Ning Kang, Leong Hon Wai
Department of Computer Science, National University of Singapore, Block S15, 3 Science Drive 2, Singapore 117543, Singapore.
Comput Syst Bioinformatics Conf. 2007;6:19-30.
Peptide sequencing by tandem mass spectrometry is a very important, interesting, yet challenging problem in proteomics. This problem is extensively investigated by researchers recently, and the peptide sequencing results are becoming more and more accurate. However, many of these algorithms are using computational models based on some unverified assumptions. We believe that the investigation of the validity of these assumptions and related problems will lead to improvements in current algorithms. In this paper, we have first investigated peptide sequencing without preprocessing the spectrum, and we have shown that by introducing preprocessing on spectrum, peptide sequencing can be faster, easier and more accurate.

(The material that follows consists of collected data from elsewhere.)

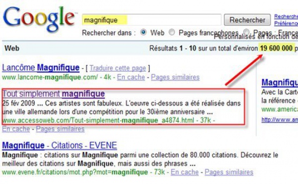 Le référencement est un métier que je ne maitrise qu'à une toute petit échelle mais je me réjouie parfois de voir mon blog dans des positions idéales sur Google. Sur certains mots clés ou combinaison de mots, je m'amuse parfois à essayer de passer devant les autres mais c'est en général très difficile car les petites...
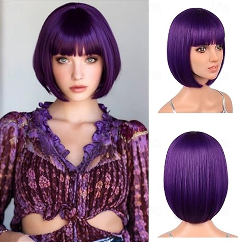 $16.49 - 12 Inch Short Bob Pink Mixed Purple Wig with Bangs Colorful Wig for Halloween Daily Cosplay & Party Use Heat Resistant Straight Synthetic Cosplay Party Wigs for Women Purple Pink 2025. Shop for cheap Party Wigs online? Buy at lightinthebox.com on sale today!
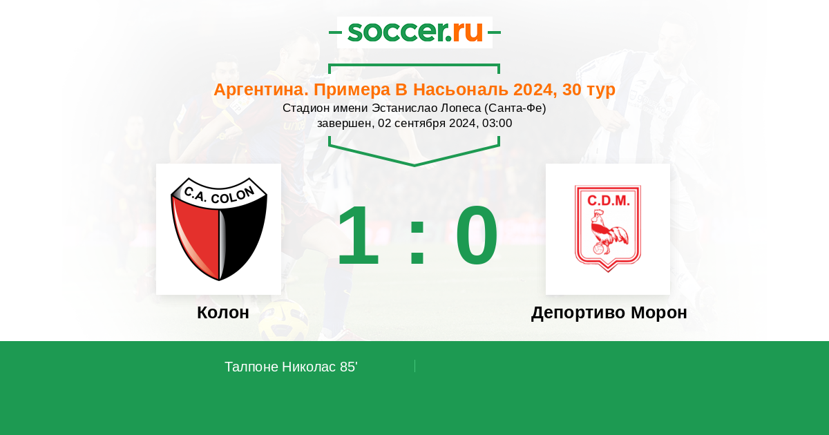 Колон - Депортиво Морон: обзор матча 2 сентября 2024

We have then investigated one very important problem, the anti-symmetric problem in the peptide sequencing problem, and we have proved by experiments that model that simply ignore anti-symmetric of model that remove all anti-symmetric instances are too simple for peptide sequencing problem. We have proposed a new model for anti-symmetric problem in more realistic way. We have also proposed a novel algorithm which incorporate preprocessing and new model for anti-symmetric issue, and experiments show that this algorithm has better performance on datasets examined.
通过串联质谱进行肽测序是蛋白质组学中一个非常重要、有趣但又具有挑战性的问题。最近研究人员对这个问题进行了广泛研究,肽测序结果也越来越准确。然而,这些算法中的许多都使用基于一些未经证实假设的计算模型。我们认为,对这些假设的有效性及相关问题进行研究将有助于改进当前算法。在本文中,我们首先研究了未经光谱预处理的肽测序,并且表明通过对光谱进行预处理,肽测序可以更快、更容易且更准确。然后我们研究了一个非常重要的问题,即肽测序问题中的反对称问题,并且通过实验证明,简单忽略反对称性的模型或去除所有反对称实例的模型对于肽测序问题来说过于简单。我们以更现实的方式提出了一个针对反对称问题的新模型。我们还提出了一种新颖的算法,该算法结合了预处理和针对反对称问题的新模型,实验表明该算法在测试数据集上具有更好的性能。